Сиделка, ворча что-то о том, что в этой квартире в последнее время все кажутся сумасшедшими, удалилась. Доктор же подошел к жене сзади, обнял ее за плечи, слегка прижимая к себе, заставляя тем самым отойти от окна, и спросил:
— Что ты чувствуешь, Алессандра? — мой взгляд невольно выхватил из общей картины циферблат часов на его руке, чуть выше запястья. Если они исправны, то все, что я видела, происходило за пару часов до этого.
— Неважно. Ты этого даже не почувствуешь, — Алессандра вывернулась из объятий мужа, заглядывая ему в глаза, и этим прося отнестись ко всему серьезно, — но мир меняется. Судьбы людей изменятся. Наши судьбы.
Эдуарду, понимая, что, если не успокоить жену, ее поведение на самом деле перерастет в истерику, стал вместе с ней медленно отходить назад с намерением усадить на диван. Алессандра не сопротивлялась, но я увидела, как незаметно она выудила у Эдуарду из кармана ключи.
— О да… — шумно втягивая носом воздух и потягиваясь, как после сладкого сна, в том месте, куда доктор собирался усадить супругу, возник полупрозрачный коренастый мужчина с несколькими глубокими рубцами на щеке и руках, одетый в поношенные, местами разорванные рубашку и рабочий комбинезон. — Еще как меняются, крошка Дотти. Я тоже чувствую это своей призрачной шкурой! — он усмехнулся в щетку редких усов.
От звука его голоса, в котором больше не звучало загробных ноток, а может, от осознания того, что едва не оказалась у призрака на коленях, Алессандра вздрогнула и отточенным движением выхватила из-под пледа и выставила вперед небольшое зеркальце. Эдуарду поморщился.
— Крошка Дотти умерла около сотни лет назад, вместе с тобой, на той лесопилке в Иллинойсе, — устало проговорила Алессандра, явно уже не в первый раз. — Теперь я Алессандра…
— «Или Килли, если угодно», — фыркнул призрак, явно передразнивая свою «подопечную», вальяжно закинув ногу на ногу. — Но для меня ты навсегда останешься Дотти — молоденькой дочерью трактирщика, уронившей ту самую свечку!
— Ты пришел в очередной раз поглумиться надо мной, Роланд? — зло посмотрела на него бывшая Дотти.
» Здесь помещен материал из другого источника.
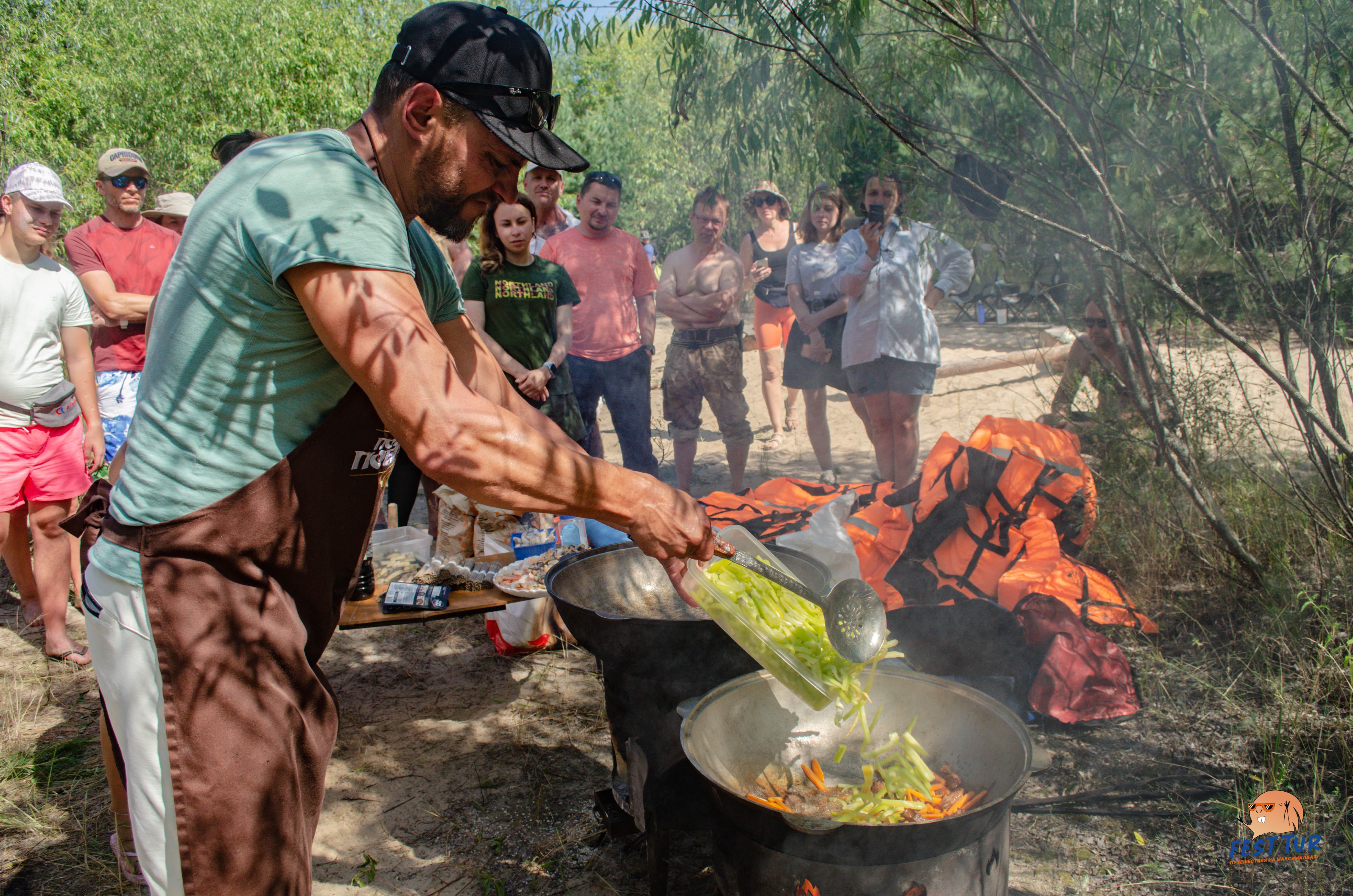 В программе: 2 дня сплава, 6 наивкуснейших блюд (в том числе и деликатесных), приготовленных на живом огне, великолепная сервировка и оформление, жаркая походная баня, уютные вечера в дружной компании, полный набор походной романтики.

— Разделить с тобой этот сладостный миг, крошка, — Роланд с трудом поднялся с дивана и направился к Алессандре. — Кто знает, может, удастся сменить свою прозрачную шкурку на твердое тело?!
Восприняв его слова, как угрозу, Эдуарду сделал шаг вперед в спонтанном желании защитить жену и попробовал опустить ее руку с зеркалом. Однако, Роланд лишь улыбнулся, и что-то, увиденное в этой улыбке, заставило доктора отшатнуться.
— Не трясись, док! — хмыкнул призрак. — Зачем мне чужие кости, когда, если очень попросить, можно вернуть свои?..
Он рассмеялся, точно удачно подшутил над старинным приятелем.
И только Эдуарду посмотрел на Алессандру, очевидно, собираясь спросить, что он имеет в виду, как раздался звонок в дверь.
— К нам — гости, — продолжил Роланд в том же тоне. — Готовься, док, тебя ждет ответственная работенка.
Алессандра кинула косой взгляд на мужа и спрятала ключи под пледом.
— Крошка, отдай своему муженьку ключи. Невежливо заставлять будущее ждать.
Она мотнула головой и отбросила зеркало на диван.
— Эдуарду, это я, Рафаэл! — раздался голос из-за двери.
Судя по мелькнувшему на лице врача беспокойству, он догадался, какую именно «работенку» имел в виду призрак, бросился открывать, но обнаружил отсутствие ключей.
— Алессандра?.. — оглянулся доктор на жену.
— Ну же, Килли… — позади нее проявился едва заметный женский силуэт в голубой тунике.
Жена доктора Эдуарду, как бы ее ни звали, нехотя подошла к двери и вставила ключ в замочную скважину.
— Слава Богу, Эдуарду! — с облегчением выдохнул Рафаэл, едва перед ним открылась дверь. — Я должен был быть здесь больше часа назад, но на полпути сломался автомобиль. Похоже, что-то с двигателем. Пришлось идти пешком. Кристина рожает.
— Где? В машине?! — переполошился врач, видимо, предположив, что поломка произошла по пути в больницу. — Рафаэл, почему ты просто не позвонил?
Эдуарду заметался по прихожей, очевидно, в поисках сумки с инструментами.
— Нет, Кристина осталась дома, — успокоил Рафаэл. — Она просила, чтобы я сразу отвез ее в больницу в Сан-Паулу, но я не решился что-то предпринимать, не посоветовавшись с тобой. Сейчас понимаю: не зря. Машина бы сломалась на выезде из города… А телефон не работает. Могу я воспользоваться вашим? Кристина настаивала, чтобы я непременно вызвал Скорую.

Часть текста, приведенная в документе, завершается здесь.